The United States is moving space nuclear power from concept to schedule

The White House has outlined a new roadmap for space nuclear technology that gives NASA, the Department of Defense, and the Department of Energy a shared mandate to develop reactors for use in orbit and on the Moon. The plan sets concrete milestones: a medium-power reactor in orbit by 2028, including a variant for nuclear electric propulsion, and a functional large reactor on the lunar surface by 2030.

The policy marks a significant shift in how the United States is thinking about long-duration space operations. For decades, spacecraft and many other space instruments have depended mainly on solar power. That model works well for many missions, but it becomes less practical when power demands rise, sunlight is intermittent, or the mission must support complex infrastructure for long periods. The new roadmap treats nuclear systems as the solution for those harder operating environments.

Why nuclear power is being prioritized

The case presented in the federal guidance is straightforward. Reactors can produce continuous energy for years through nuclear fission. That consistency is valuable in orbit, and it becomes even more attractive on the Moon, where future bases would need dependable power for survival and operations. Nuclear systems can also support nuclear electric propulsion, giving spacecraft a way to travel longer distances or conduct more demanding missions without depending entirely on chemical fuel.
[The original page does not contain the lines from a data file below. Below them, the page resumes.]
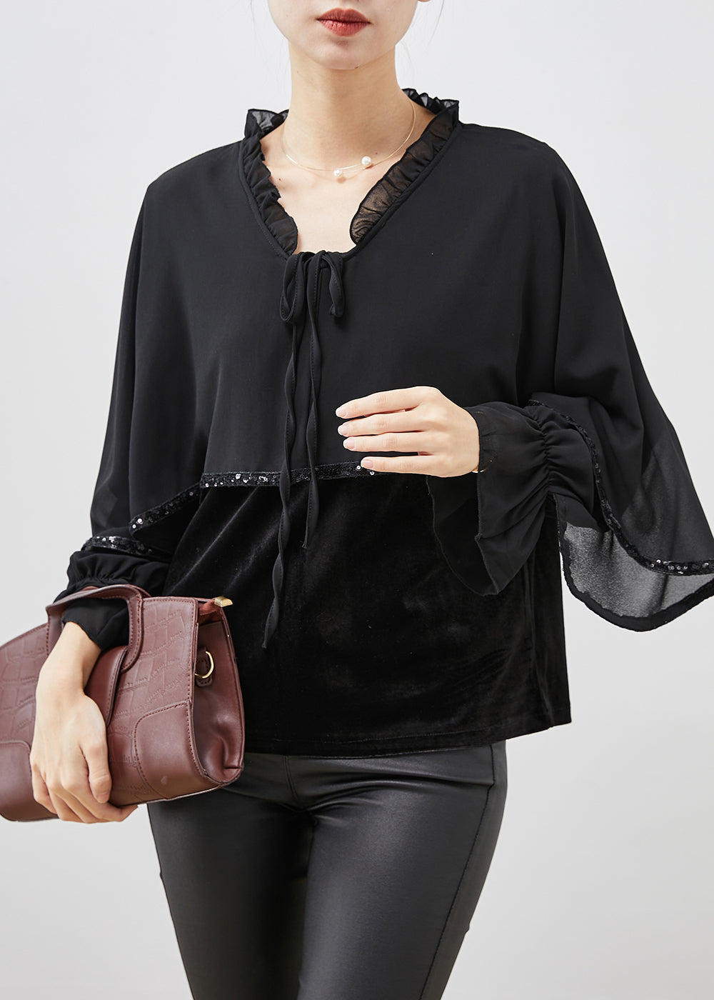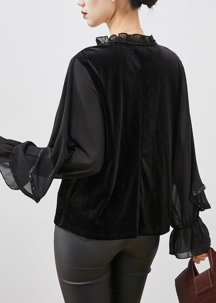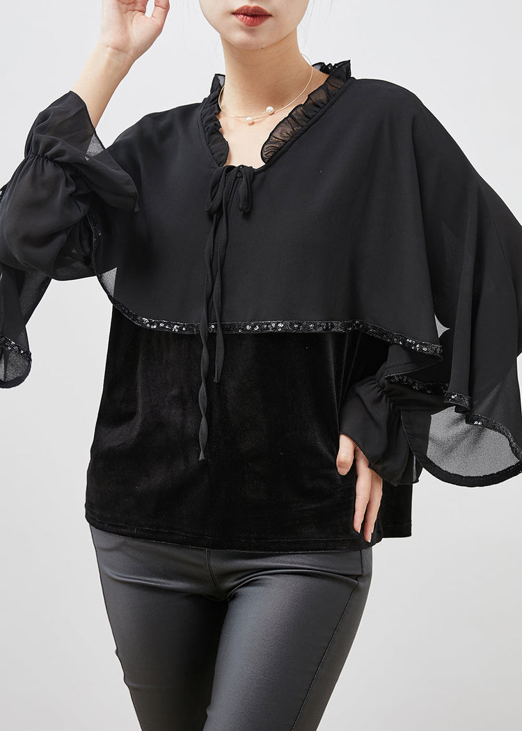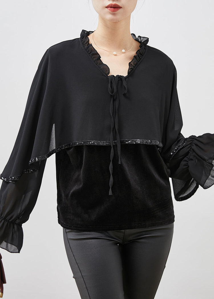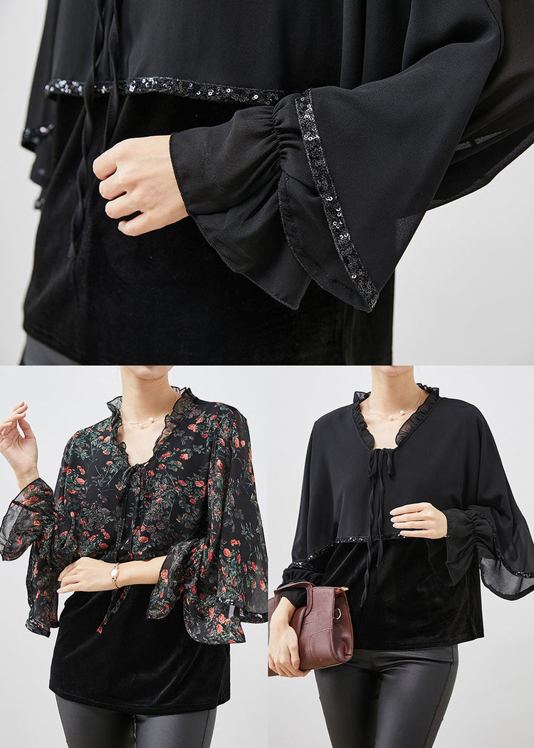 Black Patchwork Velour Chiffon Shirt Ruffled Lace Up Spring
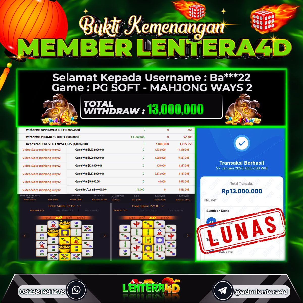 TOTAL KEMENANGAN : Rp. 13.000.000,-
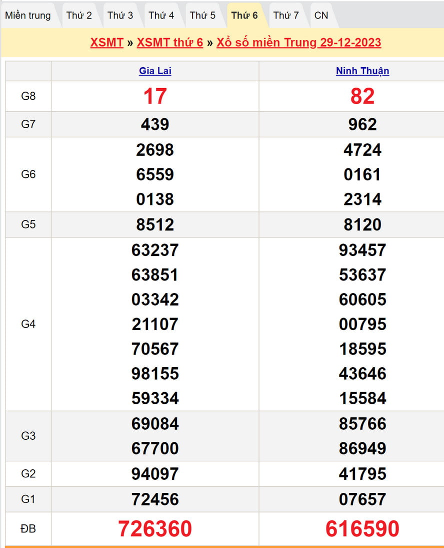 | Đài | Giải Đặc Biệt | Giải 8 | Bao lô |
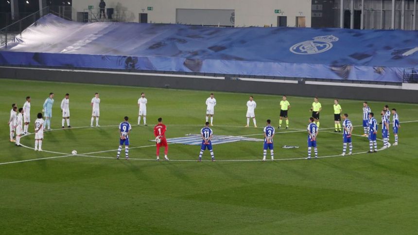 También se puso una, de menor tamaño, entre los banquillos. Los futbolistas del Real Madrid llevaron un brazalete negro en su honor y se guardó un respetuoso minuto de silencio antes de comenzar el encuentro.
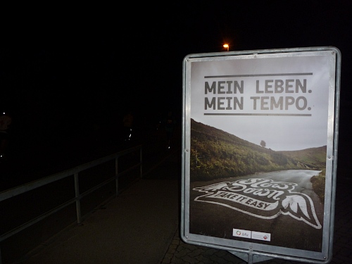 Das km 1-Schild wollte ich nicht fotografieren, das km 3-Schild ist schon Hohn genug. Es ist schwierig in der Dunkelheit vernünftige Fotos zu schiessen. Die Kamera braucht Ewigkeiten zum Fokussieren, erwischt bewegte Objekte kaum, frisst den Akku. Ein Akkuwechsel auf 100 km entscheidet nun auch nicht gerade die Platzierung, doch ich werde heute von vielen Wechseln berichten müssen. Wie gesagt, keine Nacht in Biel ist gleich. Und diesmal geht mir die Nacht der Nächte ziemlich auf den Magen. Magen-Woodstock,  das ist der Name der Königin der Läufe.

In other words, the appeal is endurance. Solar systems can be effective, but they rely on power availability that can be intermittent and often need large battery storage. Nuclear reactors offer a path to steadier energy output, which is why the roadmap frames them not as a niche technology but as an enabling technology for future missions.
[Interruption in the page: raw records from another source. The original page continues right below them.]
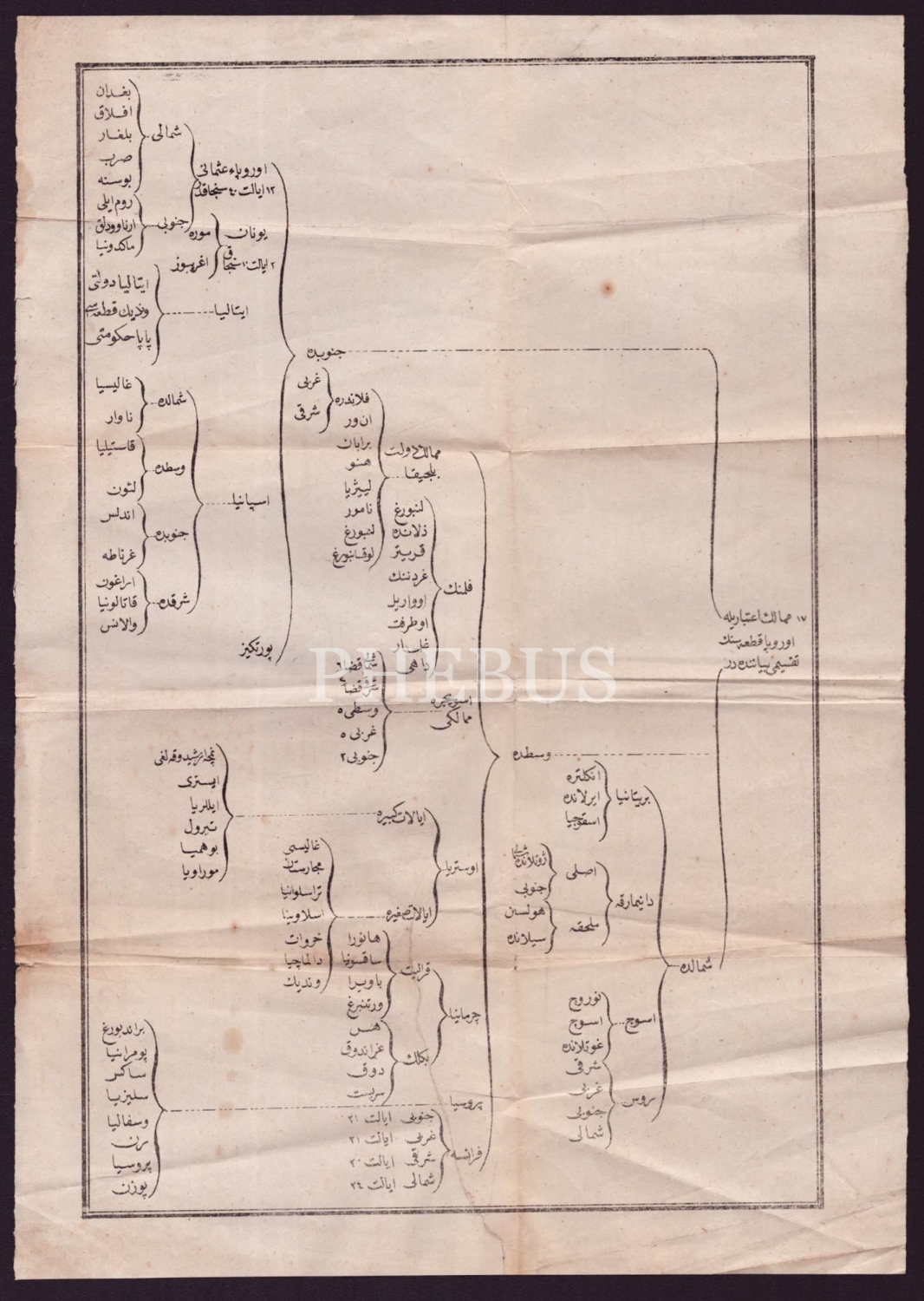 Osmanlı Devleti´nin Avrupa kıtasında bulunan topraklarının taksimini gösteren evrak, 25x35 cm...
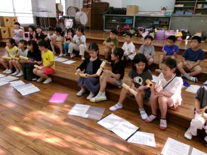 2学期始めてのふれあい音楽教室がありました。いつも歌っている「小さな世界」や新しい「アイスクリームのうた」などをみんなで楽しく歌いました。スズやウッドブロックを使って合奏もしました。みんなで歌ったり,演奏したりするのは心がほっこりするね。和やかな時間でした。
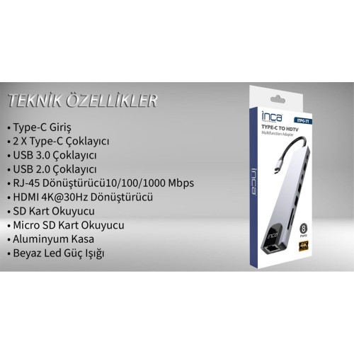 Inca ITPC-7T Type-C Giriş 2XType-C Çoklayıcı RJ-45 HDMI 4K@30 USB 3.0 Çoklayıcı Micro SD Kart
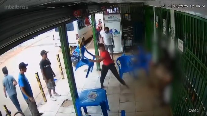 Uma mulher foi brutalmente agredida pelo marido em um bar em Santa Maria, no Distrito Federal, na tarde dessa última terça, 21. O ataque ocorreu após o homem se irritar com a roupa que a esposa estava usando, classificando-a como “curta demais”. A ação foi registrada por câmeras de segurança, que mostram o agressor jogando uma mesa e, em seguida, uma cadeira contra a vítima, além de desferir socos no rosto dela.
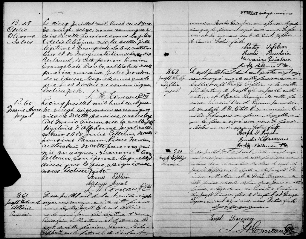 - Cette série regroupe les registres originaux de l'état civil, lesquels contiennent les enregistrements de baptêmes, de mariages et de sépultures consignés par le curé ou son représentant au cours de la période concernée par les documents.Outre les renseignements à caractère généalogique que nous pouvons y puiser, cette série peut constituer une source documentaire importante pour toute étude-statistique ou comparative sur les conditions de vie à différentes époques (mortalité infantile, espérance de vie) ou pour toute recherche portant sur l'occupation des terres (lieu de résidence), sur le mode de vie (métiers et professions, statut et âge des époux), sur les classes sociales (titres des parties impliquées, témoins/amis/parents présents lors d'un mariage), sur des évènements spéciaux (quelques mentions dans les sépultures) et sur des sujets à incidence médicale tels les maladies héréditaires (cause du décès)
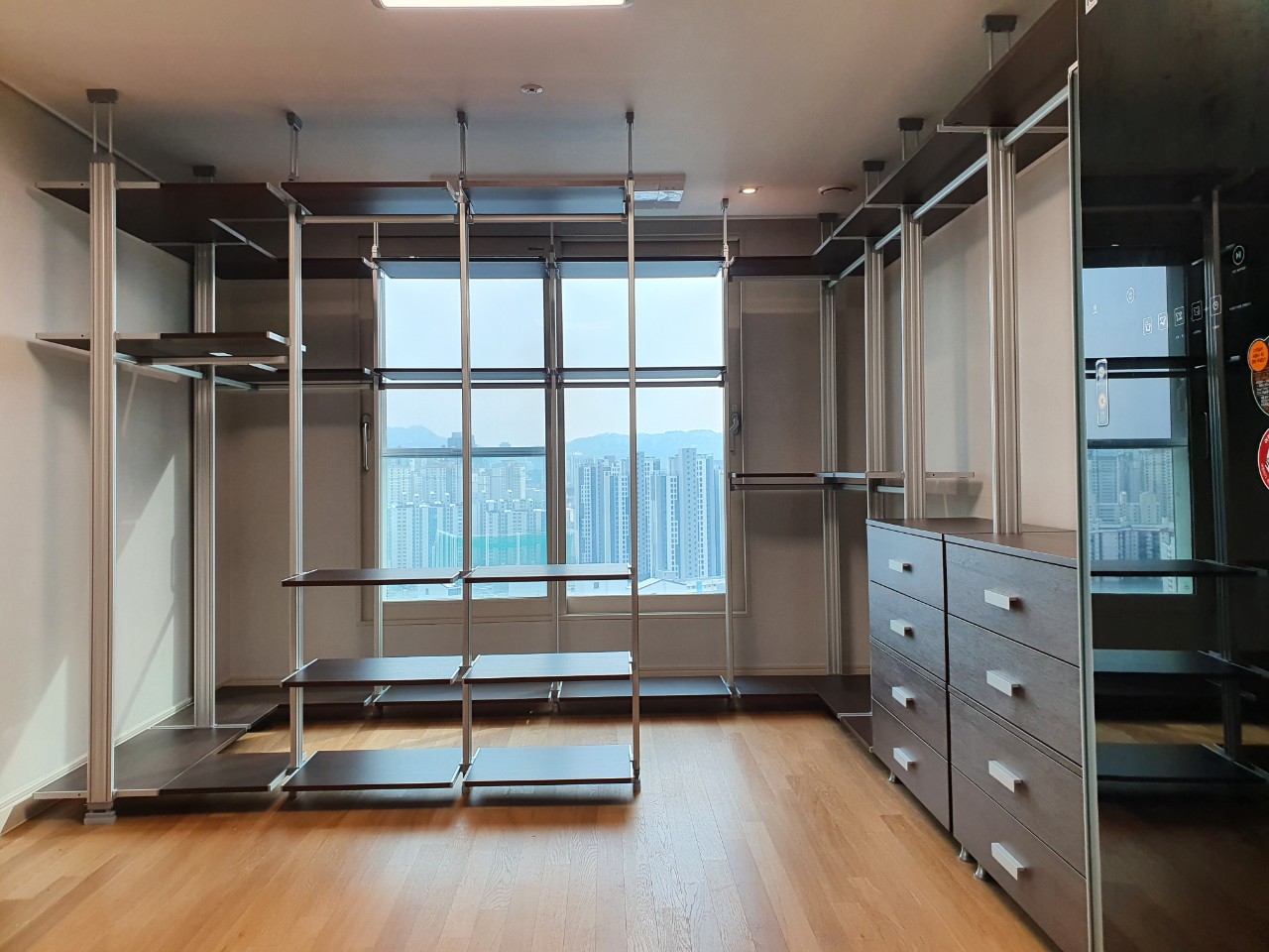 이번 시공사례는조금 특이한 ㅁ자 구조입니다.구성품으로는 4단서랍,거울장, 긴옷장을 배치해서 월넛색상으로 시공했습니다.
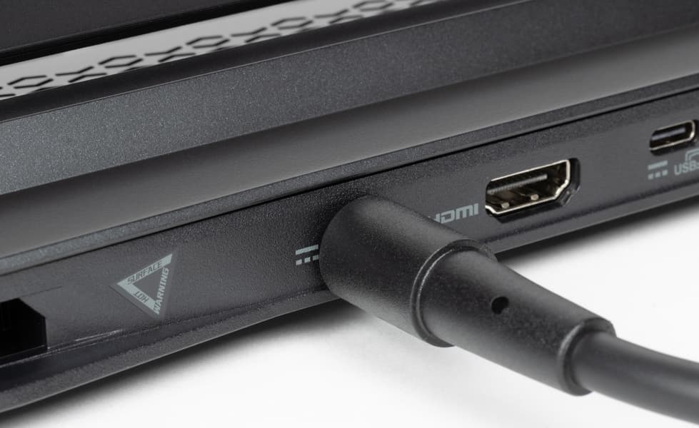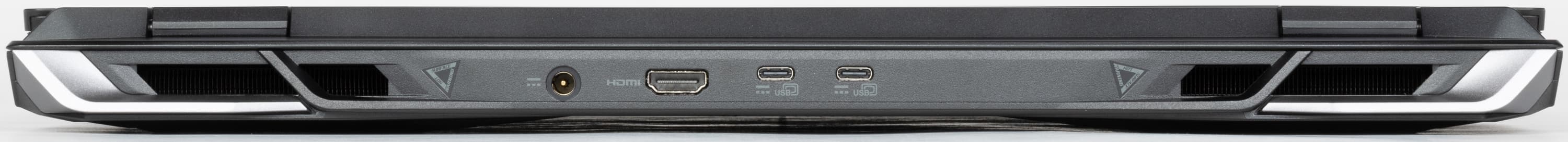 Справа и слева на задней панели видны выходные отверстия радиаторов, через которые из внутреннего пространства ноутбука наружу выбрасывается горячий воздух. Между ними помещаются коаксиальный разъем для подключения адаптера питания, видеовыход HDMI и два порта USB Type-С.

The White House Office of Science and Technology Policy said the roadmap is intended to help establish US space nuclear technology plans for the coming years and, in its phrasing, support “US space superiority.” That language underscores how closely civil, strategic, and industrial goals are now being linked in space policy.

What the agencies have been asked to do

Under the plan, NASA and the Pentagon are expected to develop energy technologies in parallel using contractor competition. The DOE is tasked with ensuring fuel, infrastructure, and safety features are available to support the projects. The department is also expected to evaluate whether industry can produce as many as four reactors in five years.
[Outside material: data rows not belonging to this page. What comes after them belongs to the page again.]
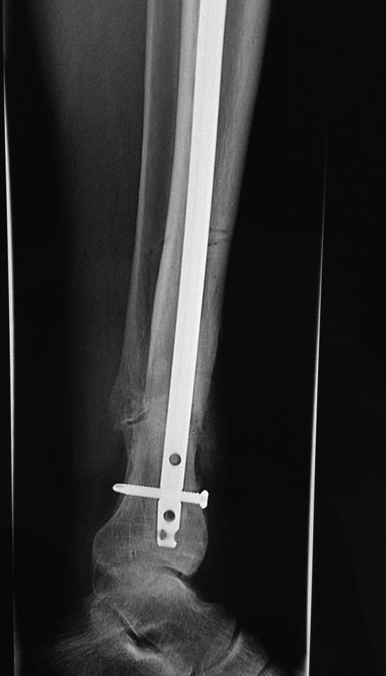 большеберцовой кости сросся. Функция конечности восстановилась.
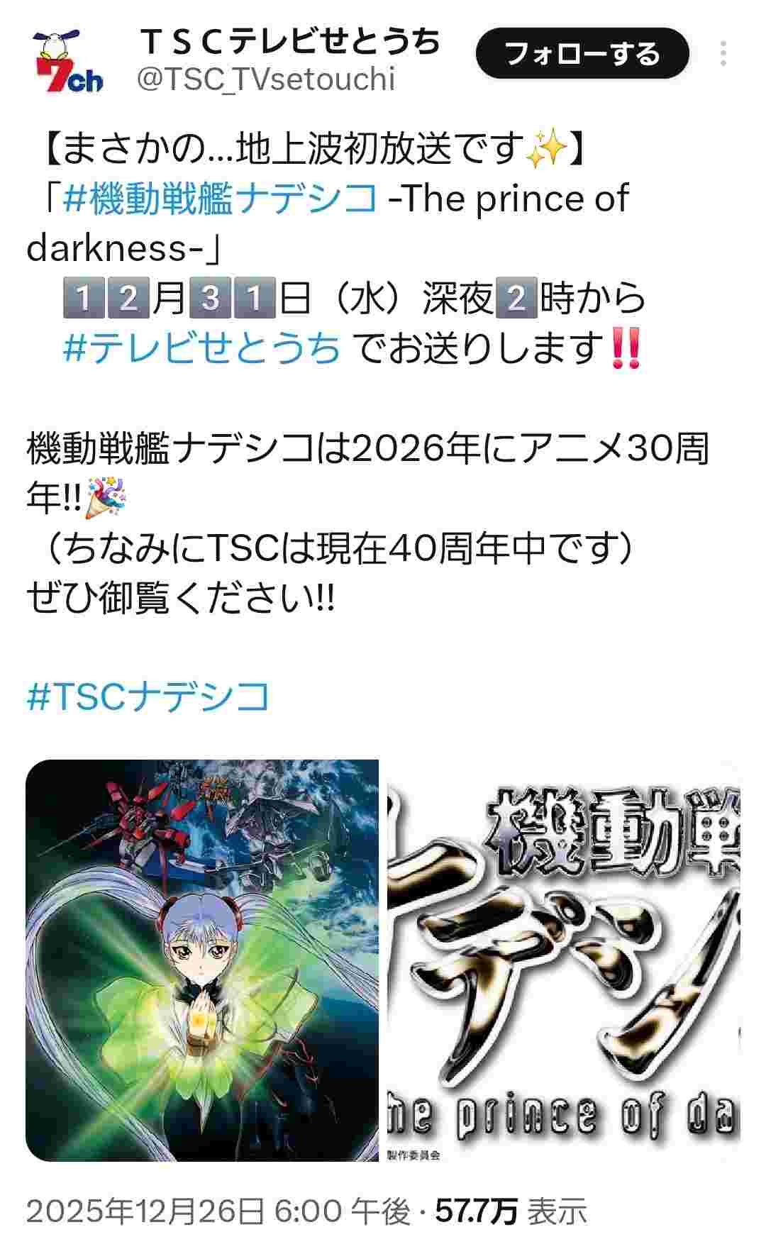 #テレビせとうち でお送りします??機動戦艦ナデシコは2026年にアニメ30周年!!??
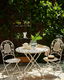 Dodejte svému balkonu nebo zahradě provensálskou atmosféru s touto elegantní sadou dvou židlí. Jsou vyrobeny ze železa s práškovým lakováním a vyznačují se opotřebovaným, vintage efektem a ozdobným designem s květinovými ornamenty. Doplňte je odpovídajícím stolkem a vytvořte si dokonalý prostor k snídani nebo obědu v jakémkoli venkovním prostředí. Židle jsou skládací, takže je mimo sezónu můžete jednoduše uskladnit.
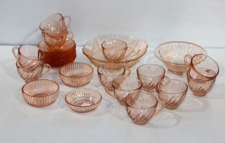 733 Twelve Pink Araroc France Cups/Saucer & Five Pink Depression Bowls
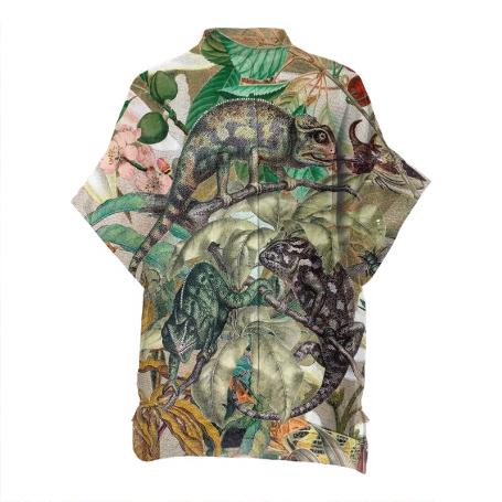 Unisex loose fit boxy linen shirt with front left side pocket. Mandarin collar with plastic buttons down the front.

The technical requirements are ambitious. The roadmap calls for technologies that can generate at least 20 kilowatts of electricity for three years in orbit and at least five years on the lunar surface. At the same time, the designs are supposed to be modular and scalable, with the ability to grow toward 100 kilowatts of electricity. The first designs are expected within a year.

Those details matter because they show the administration is not merely endorsing long-term research. It is trying to define a path from experimental capability to deployable hardware. Modular and scalable systems would give planners flexibility across both lunar habitation and propulsion missions. They would also give the government a framework for evaluating competing contractor designs against common requirements.

The Moon as a proving ground

The lunar objective is especially revealing. A large reactor on the Moon by 2030 would turn the lunar surface into more than a symbolic destination. It would make the Moon a sustained operating environment where power availability shapes what kind of presence is possible. Reliable energy is fundamental to habitat systems, communications, equipment, and science activity. Without it, talk of longer-term surface operations remains limited by logistics and daylight cycles.

That helps explain why the roadmap links space nuclear power to future life on the Moon and to propulsion. A reactor is not just another payload. It is infrastructure. Once power becomes continuous and substantial, mission design changes. Equipment can run longer, systems can become more capable, and the threshold for permanence begins to shift.

A new phase in space competition

The roadmap also signals that space nuclear power is now being treated as part of strategic competition. The White House directive does not frame the issue purely as science or exploration. It places NASA alongside the Department of Defense and assigns the DOE a supply and safety role, creating a full-government effort around a technology that could influence mobility, endurance, and presence beyond Earth.

That makes this one of the more consequential space policy developments of the year. The United States is not simply funding another study. It is creating timelines, assigning institutional responsibilities, and pushing industry to prove it can build on schedule. Whether those deadlines hold remains to be seen, but the policy direction is unmistakable.

Key takeaways

  • The White House roadmap targets a medium-power reactor in orbit by 2028 and a large reactor on the Moon by 2030.
  • NASA, the Department of Defense, and the Department of Energy are all assigned roles in development, fuel, infrastructure, and safety.
  • The initial systems are expected to deliver at least 20 kilowatts of electricity, with designs scalable to 100 kilowatts.
  • Nuclear power is being positioned as a core enabler of lunar operations and future propulsion systems.

If the program stays on track, space nuclear technology will move from a persistent ambition to a defined pillar of US lunar and orbital planning. The larger implication is that power, not only launch capability, is becoming a central measure of who can sustain a meaningful presence in space.